Sweat, perspiration, hidrosis. Its all very relevant to fluid balance. They say once your febrile patient has began to sweat, the fever has "broken" and you don't need to prescribe antipyretics. Of course, they will proceed to wipe themselves with towels and whatnot, thereby abolishing all chances of losing heat by evaporation. Nevermind this tangent. In fact the effects of water loss (by sweat and other means) is discussed in the page dedicated to the physiological response to dehydration. This chapter addresses the physiological properties of sweat, and the physiology of sweating.
In terms of exam value, this topic has never been interrogated in the CICM primary exams, as it is very specific and unlikely to become important in the ICU environment. The issue of evaporative water loss has some importance in terms of affecting daily fluid balance and sweat has appeared as one of the answers in questions on thermoregulation, but the specific properties and contents of this fluid have never been of any interest to the college examiners.
Sweat has several physiological roles, which can be said to be common to most species of animals. In general, it can be safely said that sweat glands have quite different roles across different species, and within the same species between body regions.
Sweat volume and content depends on who you are and on your degree of acclimatization, but the average value for osmolality is about 120mosm, with a broad range (62 to 192 mosm/Kg).
If you want to know the human sweat electrolytes in grim detail, this article is for you. There is even a picture of a horrific box draped with garbage bags inside which the principle investigator is peddling on an ergometric cycle in his underwear. There is a gentlemanly discourse on this topic is available from 1932; it was written by a H.H Mosher, from the Climax Rubber Company, and it compares the electrolyte composition of sweat to that of urine. Nothing is measured in osmoles, but there is a savage joy in reading about somebody being put into a heating chamber swaddled in sheets of rubber. A more sober account of sweat osmolality can be found here.
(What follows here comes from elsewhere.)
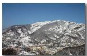
Savignone: panorama invernale con neve

Pietro Marcheselli - Canon EOS 300D 2009 - Inverno - Savignone - Paesi
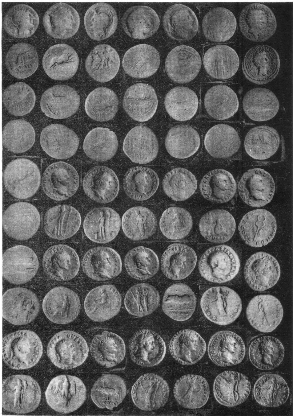
Fig. 1. Monede din tezaurul de la Dersca.

The electrolyte concentrations offered here are obviously not definitive. There is significant variation between people, particularly people who are acclimatised to different ambient heat levels. As the level of heat in your environment increases, you adapt by decreasing the electrolyte concentration of your sweat, such that the more you sweat and the longer you spend in a hot country, the more aldosterone will try to preserve the sodium. There will be a reduction in sodium loss. They say it could be as little as 5mmol/day. The process of adaptation to hot climates, where you learn to produce greater volumes of sweat and lose less sodium, is called "acclimatisation". Allan and Wilson (1971) found acclimatised subjectes excreted about half as much sodium in their arm-sweat than unacclimatised subjects. Moreover, there is significant regional variation in sweat volume and composition within any given person. Interestingly, the forehead appears to be the sweatiest region by volume (Patterson, 2000).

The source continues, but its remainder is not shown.